# Data to use:

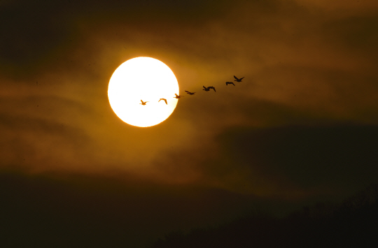 ▲... 정월 대보름. 연중 달이 가장 크고 밝게 보이는 대보름달 속으로 겨울 진객 큰기러기들이 고향으로 떠나고 있다. 음력 1월 15일이 지나야 비로소 한 해가 바뀌는 느낌은 아마도 우리에게 친숙한 기러기들이 겨우내 우리 곁에 있다가 고향으로 떠나는 시기이기 때문일지도 모른다.
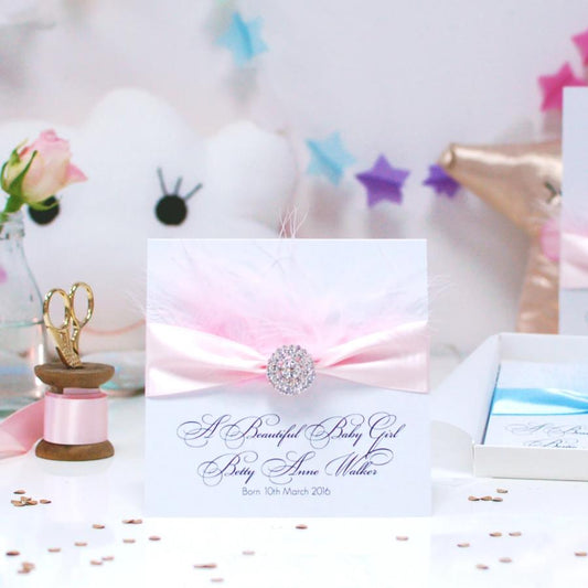 Baby Girl Fluffy Feather Personalised Baby Card
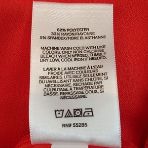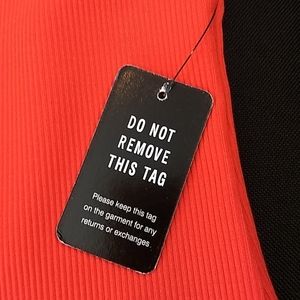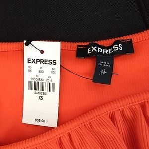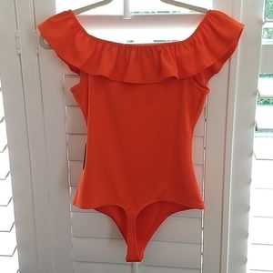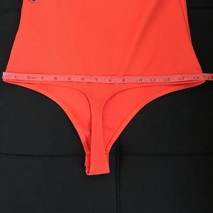 Express Bodysuit is ribbed and is worn off the shoulder. It has a ruffle neckline. It has a thong back with snap closures. Please see photo for approximate measurements. A photo of fabric contents is included. The color is called Bold Orange. I had trouble with my lighting and in some photos it looks more red. The color was hard to photograph. It is a bold orange color. It is an Express XS.
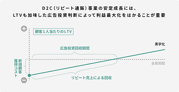 D2Cは、新規顧客獲得時にかける広告投資費用をリピート売上の利益で回収するビジネスモデル。新規顧客獲得時のCPA(顧客獲得単価)だけではなく、LTVも加味した広告投資判断で利益を最大化するが、広告施策のLTVが黒字になり一定の利益が出るまでの期間を算出するには、リピート購入を含めた受注データが1年から3年分必要になっていた。このため、広告投資判断を迅速に実施できる環境を実現するLTV予測機能を開発した。
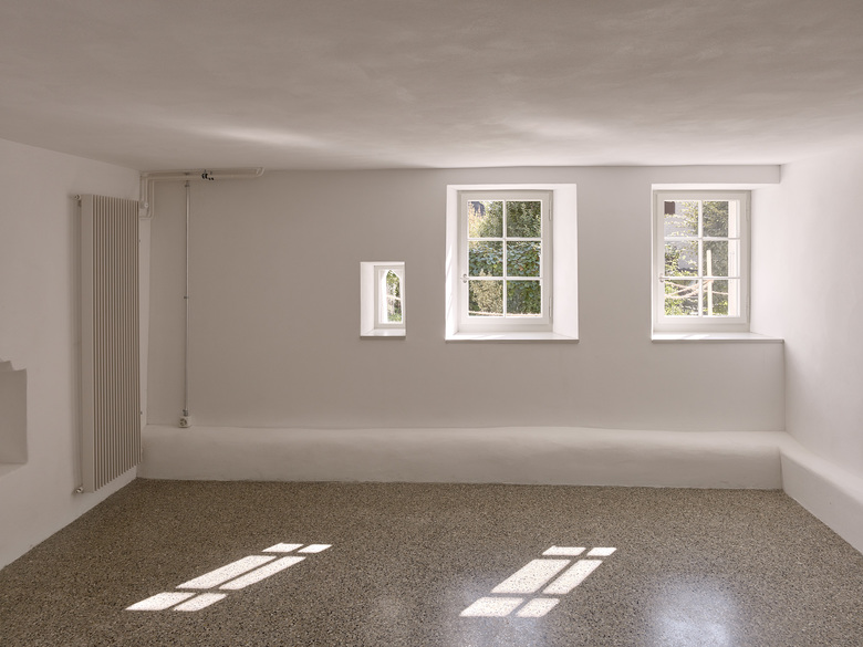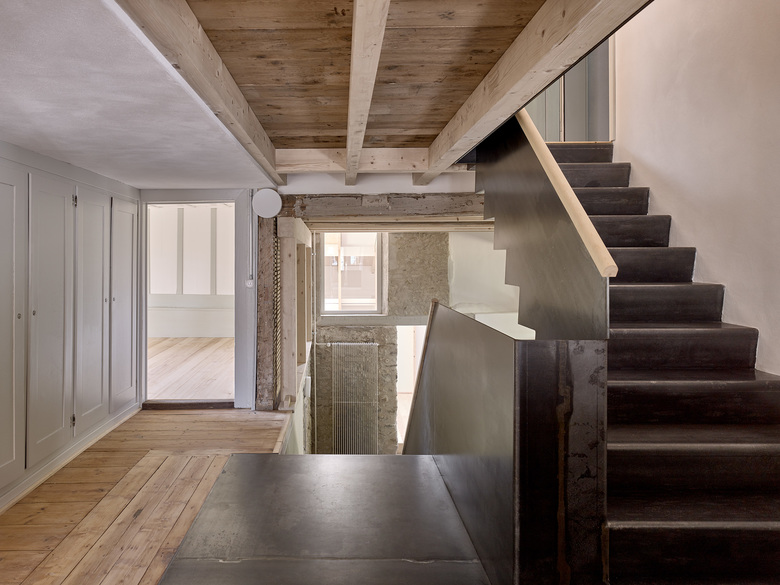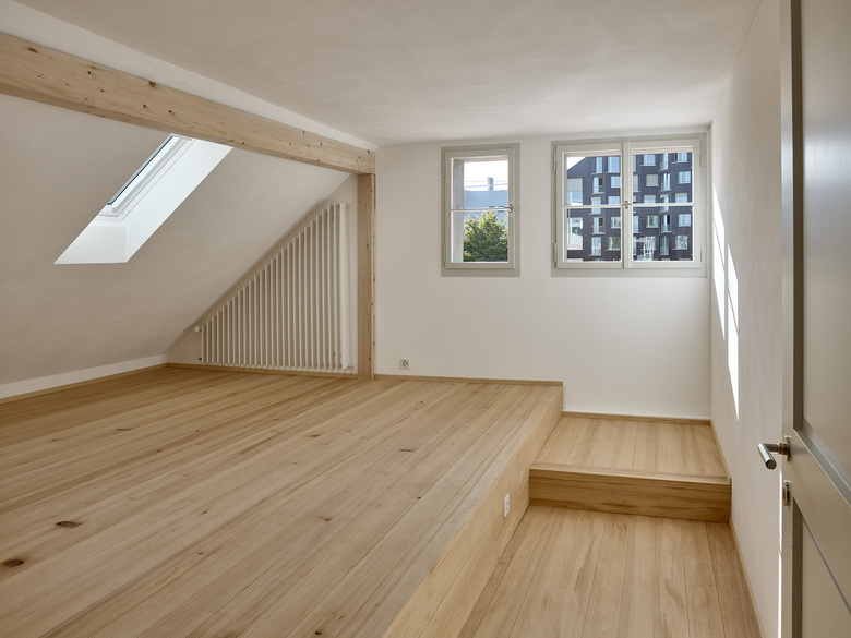 Das Gebäude ist vor der Instandsetzung durch Um- und Einbauten stark verunklärt. Insbesondere auf seiner Nordseite im Erd- und Obergeschoss ist die ursprüngliche Struktur des Gebäudes kaum mehr zu erkennen; war dieser Gebäudeteil ursprünglich leergeräumt und Standort der grossen Baumtrotte? Die Eingangssituation, die Wegführung und die Verbindung zum westseitigen Anbau wirken beengend und labyrinthisch. Durch Öffnen des Raumes - Rückbau der Einbauten inklusive Zwischendecke - und Umplatzierung der Treppe ins Obergeschoss, beginnt das Haus zu ‘atmen’ und es entsteht eine selbstverständliche Verbindung ins Hinterhaus und in den neuen Anbau.

# Problem statement:
Reproduce every record in full. Leave out the images.

# Written answer:
 ▲... 정월 대보름. 연중 달이 가장 크고 밝게 보이는 대보름달 속으로 겨울 진객 큰기러기들이 고향으로 떠나고 있다. 음력 1월 15일이 지나야 비로소 한 해가 바뀌는 느낌은 아마도 우리에게 친숙한 기러기들이 겨우내 우리 곁에 있다가 고향으로 떠나는 시기이기 때문일지도 모른다.
 Baby Girl Fluffy Feather Personalised Baby Card
 Express Bodysuit is ribbed and is worn off the shoulder. It has a ruffle neckline. It has a thong back with snap closures. Please see photo for approximate measurements. A photo of fabric contents is included. The color is called Bold Orange. I had trouble with my lighting and in some photos it looks more red. The color was hard to photograph. It is a bold orange color. It is an Express XS.
 D2Cは、新規顧客獲得時にかける広告投資費用をリピート売上の利益で回収するビジネスモデル。新規顧客獲得時のCPA(顧客獲得単価)だけではなく、LTVも加味した広告投資判断で利益を最大化するが、広告施策のLTVが黒字になり一定の利益が出るまでの期間を算出するには、リピート購入を含めた受注データが1年から3年分必要になっていた。このため、広告投資判断を迅速に実施できる環境を実現するLTV予測機能を開発した。
 Das Gebäude ist vor der Instandsetzung durch Um- und Einbauten stark verunklärt. Insbesondere auf seiner Nordseite im Erd- und Obergeschoss ist die ursprüngliche Struktur des Gebäudes kaum mehr zu erkennen; war dieser Gebäudeteil ursprünglich leergeräumt und Standort der grossen Baumtrotte? Die Eingangssituation, die Wegführung und die Verbindung zum westseitigen Anbau wirken beengend und labyrinthisch. Durch Öffnen des Raumes - Rückbau der Einbauten inklusive Zwischendecke - und Umplatzierung der Treppe ins Obergeschoss, beginnt das Haus zu ‘atmen’ und es entsteht eine selbstverständliche Verbindung ins Hinterhaus und in den neuen Anbau.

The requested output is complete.